By examining the processor mnemonics we learn that the defects in the waveform occur when interrupt service routines execute during the generation of the waveform.



To fully verify that the interrupt service routines are the culprit, you can use an emulation probe to enable and disable the suspect interrupt line. When turned on, it causes the D/A output distortion. When turned off, the D/A produces the correct triangular waveform output.



Let's look at another example of data corruption and the use of cross domain analysis to determine the cause. In this example the system writes a test pattern of block characters to the display. Intermittently, an incorrect character is written to the display.



The major steps for determining the cause of the display error are:

- 1. Capture writes to the display using state mode
- 2. Review timing relationships using timing mode
- 3. Examine the signal characteristics using a scope



The state analyzer is an excellent tool for monitoring accesses to a memory location. You can set up the analyzer to capture all reads and writes to a specific address and trigger if an unexpected value occurs. After tracing all accesses to the problem address, you can quickly determine if any unexpected values were written by examining the state listing.

In this example, the logic analyzer is set to trigger when a non-block character is written to the display. Block characters were being sent to the display before the error occurred.

If the software had been writing the incorrect value, you could examine the state listing to see which part of the program was executing at that time. If only correct values are written, the problem might be in the hardware.



Looking at the same reads and writes with the timing analyzer gives you more insight as to the possible cause of the problem.
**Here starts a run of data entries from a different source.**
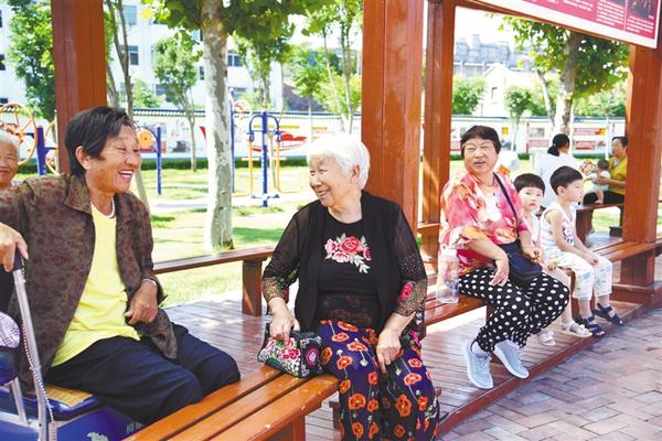 川汇区小桥办事处复兴街居民在游园内休闲。 记者王映 摄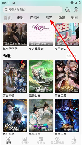 1、在APP首頁,點(diǎn)擊綜藝分類,進(jìn)入綜藝列表頁面。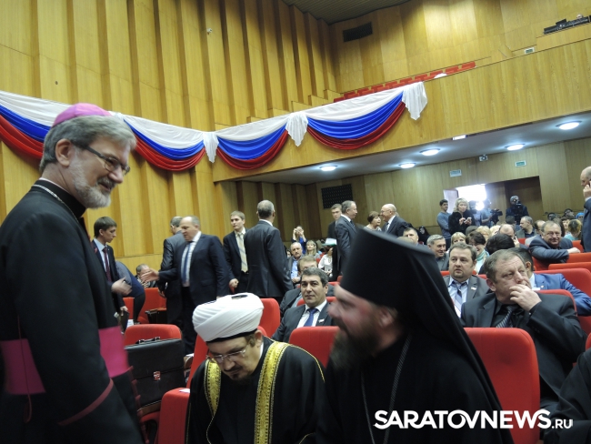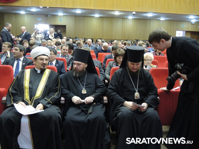 По его мнению, прерывание религиозных традиций стало большой проблемой для страны, открыв дорогу разнообразным сектам и тренингам, имеющим признаки "неорелигии". Вместе с тем, именно Россия, по мнению Шинчука, после "оскорбления, брошенного мусульманам со страниц журнала Шарли Эбдо, станет оплотом европейской духовности и европейскости". Он объявил, что после советского времени, когда только в Саратовской области было репрессировано более 800 православных священнослужителей, происходит "возвращение к животворным истокам в религиозных традициях". Выступление министра затянулось дольше выделенного ему времени, и участник заседания, председатель комитета Госдумы по делам национальностей Гаджимет Сафаралиев, начал проявлять нетерпение: стучал по микрофону, кашлял, и даже сделал жест, будто что-то бросает в докладчика. После окончания выступления губернатор Валерий Радаев попросил других докладчиков не выходить из регламента, чтобы не лишать возможности выступить тех, кто хотел бы взять слово следом.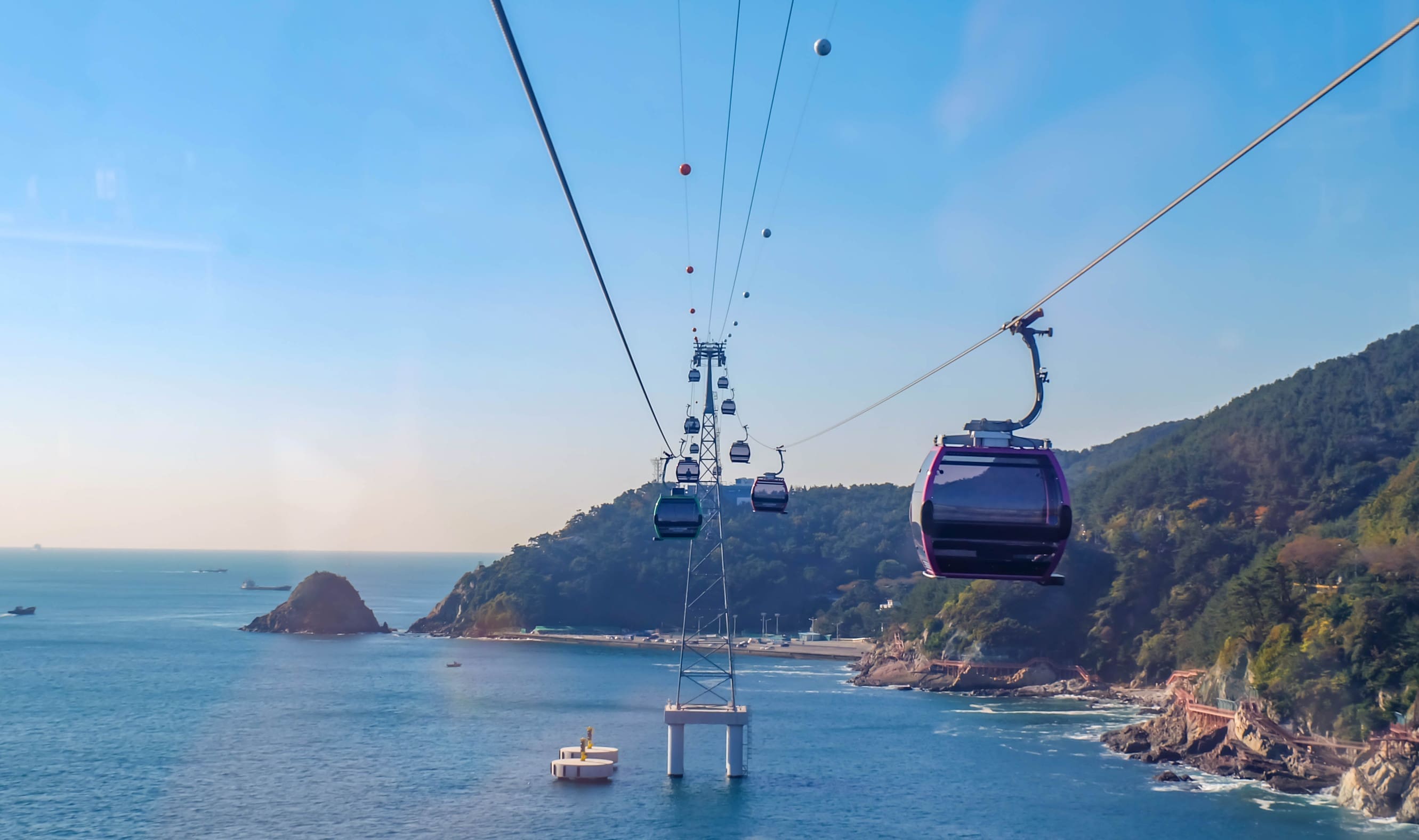 從松島海水浴場橫越釜山港灣,全長 1.62 公里,連接松林公園與龜島站。高空中可飽覽城市天際線與海景交織的壯麗畫面,夜晚更可欣賞燈火與海面倒影交錯的浪漫景致。

Looking at the timing relationships between the address, data, and control lines, you can uncover hardware problems such as timing violations, race conditions, or improper control sequences.

Occasionally, looking at signals with the timing analyzer does not uncover the cause of the problem. If you have an overdrive problem, the timing analyzer might not detect it. Perhaps you do see that one of the data bits is low when it should be high, or that a control signal has a glitch. But you still don't know the cause of the problem. To understand the cause of these parametric types of problems, you can use a scope to look at the analog domain.

In this case, every time we see a glitch on Data\_1, Signal\_1 is transitioning from high to low.



Analyzing the analog properties of your digital signals helps you uncover problems such as inadequate voltage swings, cross-talk, and ground bounce.

When the non-block character occurs, the offending signal is being pulled from a high to low when another signal goes from high to low. Cross domain measurement techniques identify energy being crosscoupled between two traces that are routed too closely together.



From these two examples you've learned how to use cross domain analysis to get to the root cause of the problem.

- Use the symptom of the problem as the main triggering event
- Use other measurement domains to isolate the area causing the symptom
- Use additional measurement domains to identify root cause



Capturing complex failures often requires state analysis to show how it happened, timing analysis to show when it happened and oscilloscope analysis to show why it happened.



To determine your test equipment needs, consider the following with regard to your target and application:

- What measurements are you trying to make?
- How many signals will you be analyzing?
- How much memory do you need?
- What speed requirements do you have?
- Have you planned how to probe your system?
- What processors and buses are you using?
- Do you need to control the processor?



We hope this presentation has helped you gain a better understanding of digital hardware debug techniques.